_ASSIGNMENT_. After locating the line that contains "אחרי 39.5 דקות", quote it and all lines after it through the end of the entries, and nothing more. Pictures stay out.

_GIVEN DATA_.
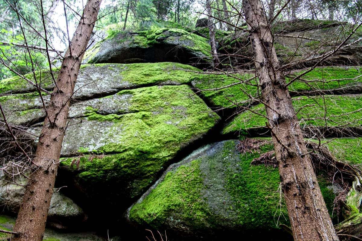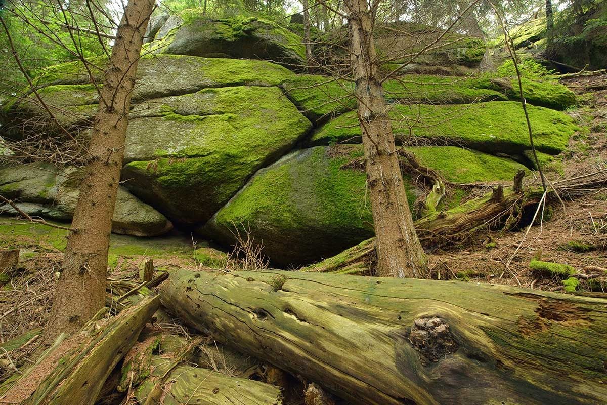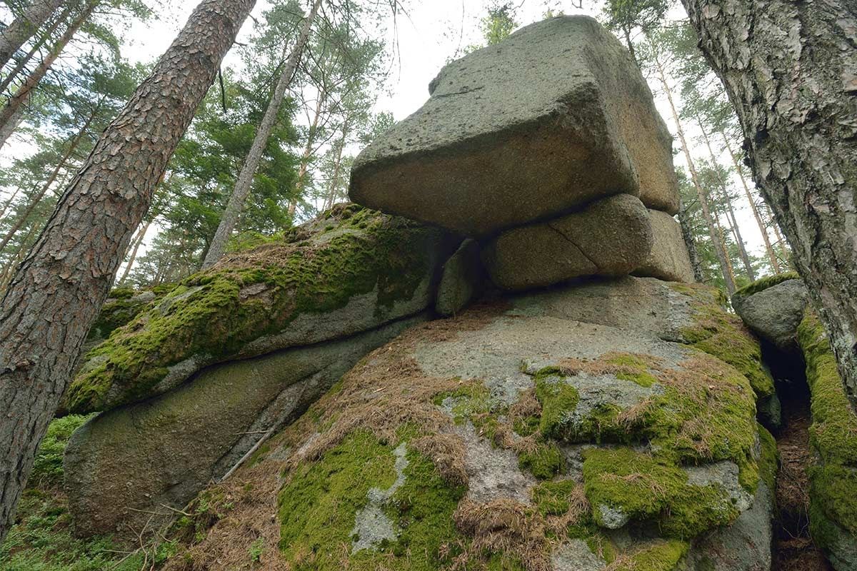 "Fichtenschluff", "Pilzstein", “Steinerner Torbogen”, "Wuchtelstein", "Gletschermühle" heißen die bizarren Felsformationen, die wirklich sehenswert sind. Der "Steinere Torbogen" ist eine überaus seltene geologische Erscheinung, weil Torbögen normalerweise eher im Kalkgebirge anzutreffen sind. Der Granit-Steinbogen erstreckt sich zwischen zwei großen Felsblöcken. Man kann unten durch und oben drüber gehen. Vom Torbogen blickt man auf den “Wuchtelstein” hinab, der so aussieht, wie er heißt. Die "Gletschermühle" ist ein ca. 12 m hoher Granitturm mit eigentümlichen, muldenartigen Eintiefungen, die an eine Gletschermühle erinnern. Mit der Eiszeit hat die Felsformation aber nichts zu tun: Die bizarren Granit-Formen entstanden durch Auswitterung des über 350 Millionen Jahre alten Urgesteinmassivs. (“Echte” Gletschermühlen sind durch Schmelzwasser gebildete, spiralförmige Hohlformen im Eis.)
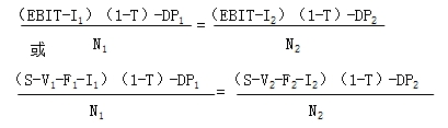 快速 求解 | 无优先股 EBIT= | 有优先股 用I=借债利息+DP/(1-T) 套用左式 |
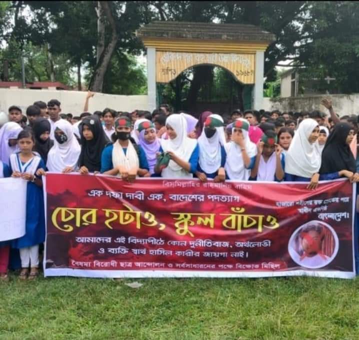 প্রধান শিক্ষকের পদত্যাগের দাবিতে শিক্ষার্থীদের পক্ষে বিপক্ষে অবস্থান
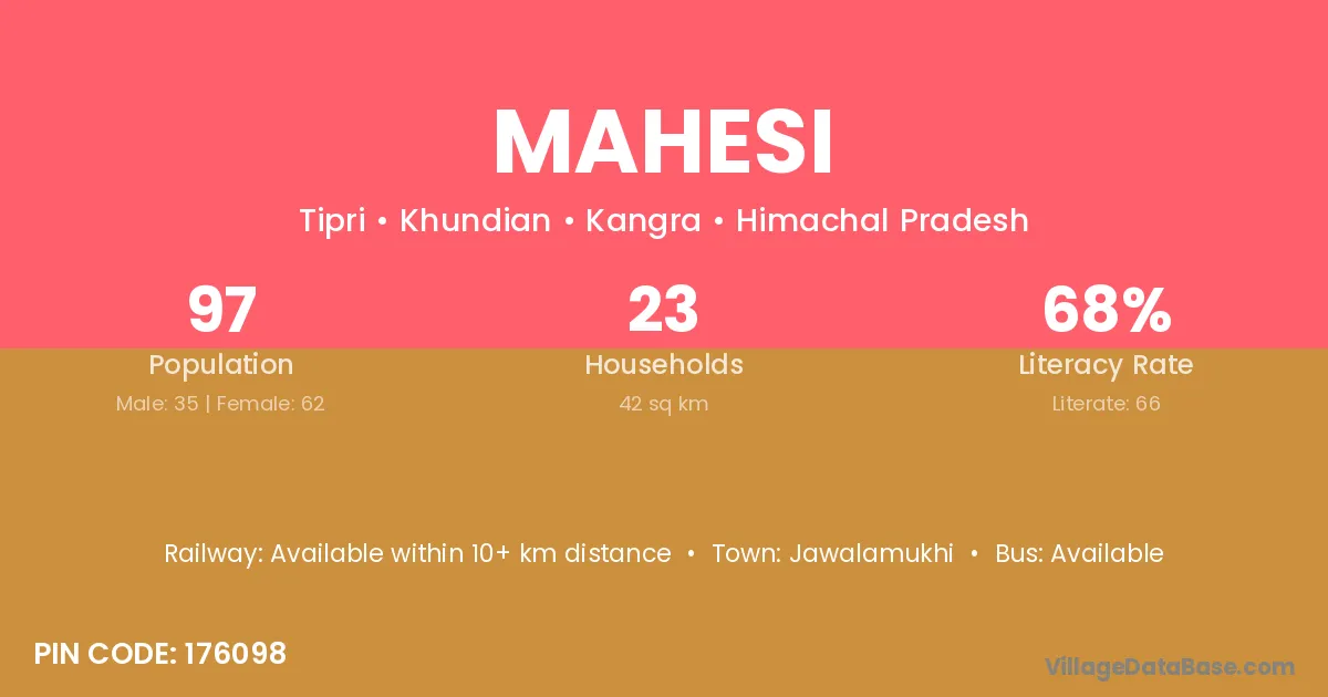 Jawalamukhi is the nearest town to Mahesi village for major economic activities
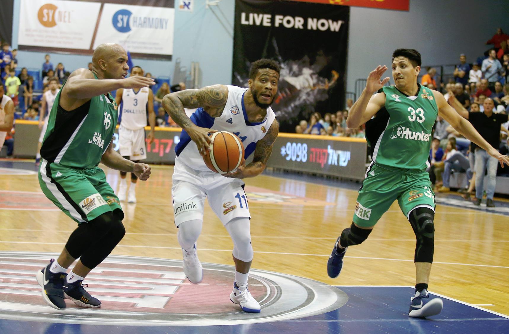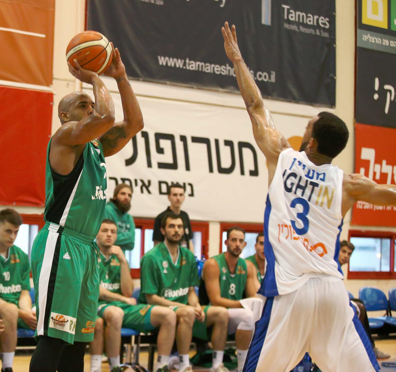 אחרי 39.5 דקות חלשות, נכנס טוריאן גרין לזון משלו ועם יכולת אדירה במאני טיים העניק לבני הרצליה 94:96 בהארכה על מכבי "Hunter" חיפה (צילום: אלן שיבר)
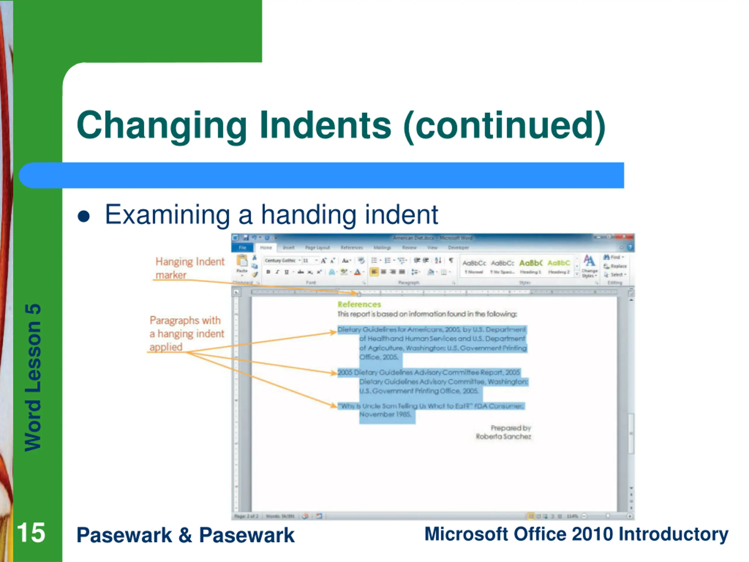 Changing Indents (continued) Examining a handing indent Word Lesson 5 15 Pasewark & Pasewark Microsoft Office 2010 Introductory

_ANSWER TO THE EXERCISE_.
 אחרי 39.5 דקות חלשות, נכנס טוריאן גרין לזון משלו ועם יכולת אדירה במאני טיים העניק לבני הרצליה 94:96 בהארכה על מכבי "Hunter" חיפה (צילום: אלן שיבר)
 Changing Indents (continued) Examining a handing indent Word Lesson 5 15 Pasewark & Pasewark Microsoft Office 2010 Introductory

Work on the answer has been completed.